Our rooms are part of a compound that we share with three other families. Next door is Jacinta, a single mom with a little son whose dad is married to another woman, but who visits on his motorcycle sometimes under cover of night. Across the courtyard is a woman that everyone calls Cousin, who is very nice. She and I have polite-fights every night when I go to wash the dishes ("Oh are these your pots?Please go ahead." "No, I have more dishes than you, you go first"). We also have another set of neighbors who earned everyone's ire recently when their failure to pay the bill resulted in our water being cut off for almost 2 weeks. They are now in the process of covertly moving their things out bit by bit when nobody else is around.

Our compound has a shared courtyard with a sink for washing dishes, clotheslines, and various containers for holding water. Even having lived here for a month, I invariably use the wrong bucket ("Why didn'tyou tell me I was washing dishes in the laundry bucket?") and I swear that at night people come and mix them all around just to confuse me.
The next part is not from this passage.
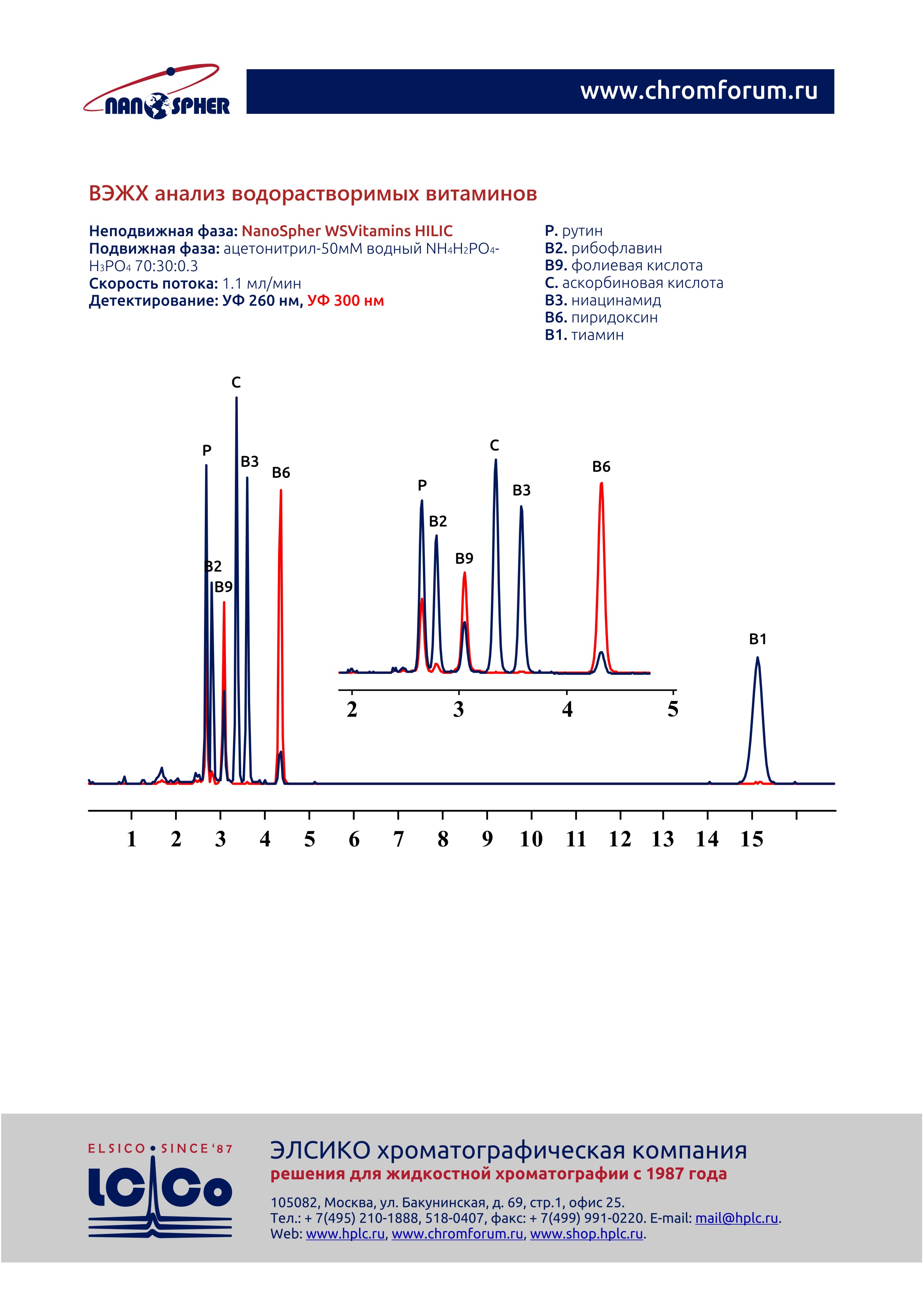Неподвижная фаза: NanoSpher WSVitamins HILIC

We also share a bathroom with our neighbors; it has a tap and a toilet. It recently occurred to me that I have managed to move into the Tanzanian equivalent of a dorm.
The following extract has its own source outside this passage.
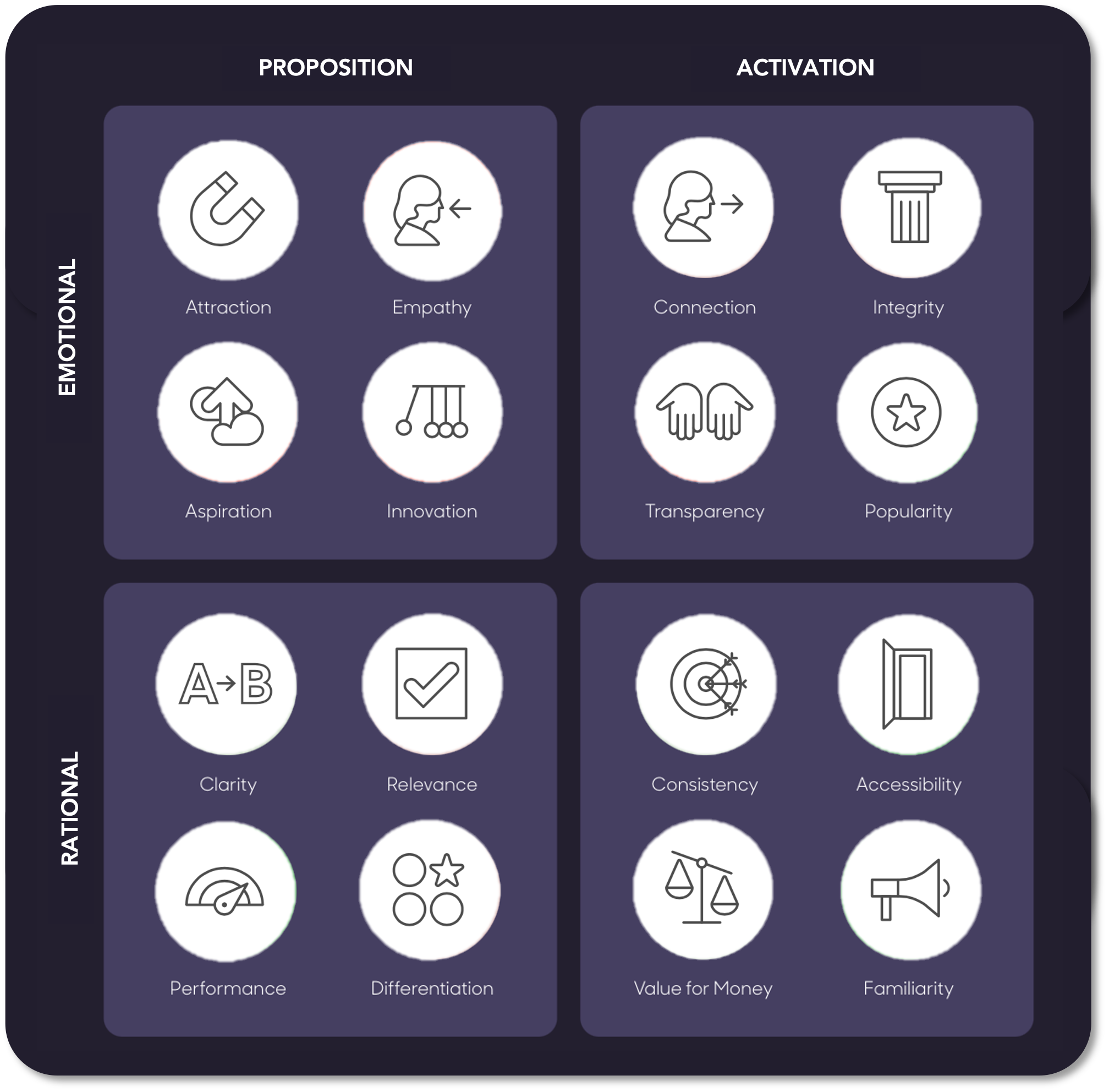 Over the last decade, Traction has identified 16 Drivers that collectively define the strength of a brand’s relationship with people. These Drivers reveal where a brand is performing, where competitors are winning and where growth opportunities lie.

As for Christmas, our kids went home for the holidays for three weeks, my boss went on vacation, and no volunteers were around, so I was largely on my own. Anticipating this, I had agreed to stay with one of the kids who didn't have a family to take him. So into our cramped two rooms entered 6-year-old Sharifu. I had had visions of him tagging along happily when I ran errands for work and coloring happily as I worked in my quiet office at school. But my boss forbade me from taking him to school when I told him we were going totown, he refused to go. So, during the day, I went to work, andSharifu played at my boss' house. In the afternoon I came home to find him completely filthy and usually having been robbed by some other child who did not have a white surrogate mother to buy him toys. I found it hard to predict his preferences (likes: my alarm clock, a Christmas service at "white people's church": dislikes: spaghetti marinara, dogs) and I was surprised to find myself arguing with my roommate over various aspects of child rearing. I was living like a single mother, albeit one with an extended African family, and it had its ups and downs.
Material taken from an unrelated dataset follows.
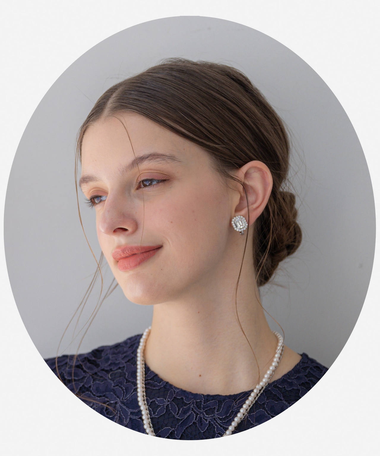 パールと華奢なチェーンをあわせた2連ネックレス。スクエアビジューを使用したイヤリングとあわせるスタイルもおすすめです。華やかなシーンにはもちろん、組み合わせ方次第でデイリーに楽しめます。

Most importantly, Sharifu kept me company over the holidays. On Christmas Day, our little family opened presents—me, Genya, and Sharifu. My parents had sent me boxes of gifts that I had been surreptitiously shaking but not opening until the 25th. I loved all of them. Then we all dressed up in our very best clothes and went to church. I had had an outfit made for the occasion, Genya had a new hairdo, and Sharifu had shiny new shoes. Jacinta cooked a lavish lunch for the whole compound and I bought a round of sodas. The afternoon we whiled away, Sharifu with his new toys, me with my new books.

It was like at home, but not like at home at all. It was hard for me to imagine shopping malls all decked out and caroling in the cold and gingerbread, though I knew those things were there, all those thousands of miles away. It's been noticeably hotter the last few weeks, so that even though the air is dry the sun is almost unbearable from 10 am to 3 pm and the dust just hangs. The fruits in season now are mangoes and pineapples and tiny red plums. They are incredibly delicious, but certainly not like Christmas food at home. Talking to my family on the phone on Christmas made me want to trade in my dusty bare feet for warm socks and strangers talking about me in Swahili everywhere I go for my own family and being home, even if it was just for 24 hours.

New Year's Eve I stayed home with Sharifu. We fell asleep and woke to the sounds of my neighbors banging drums, singing, cracking homemade noisemakers and shouting to each other. Lying there in the dark, listening to them, I felt happy to be starting a new year here, even if it's not my home and even if I don't know where I will be when it ends.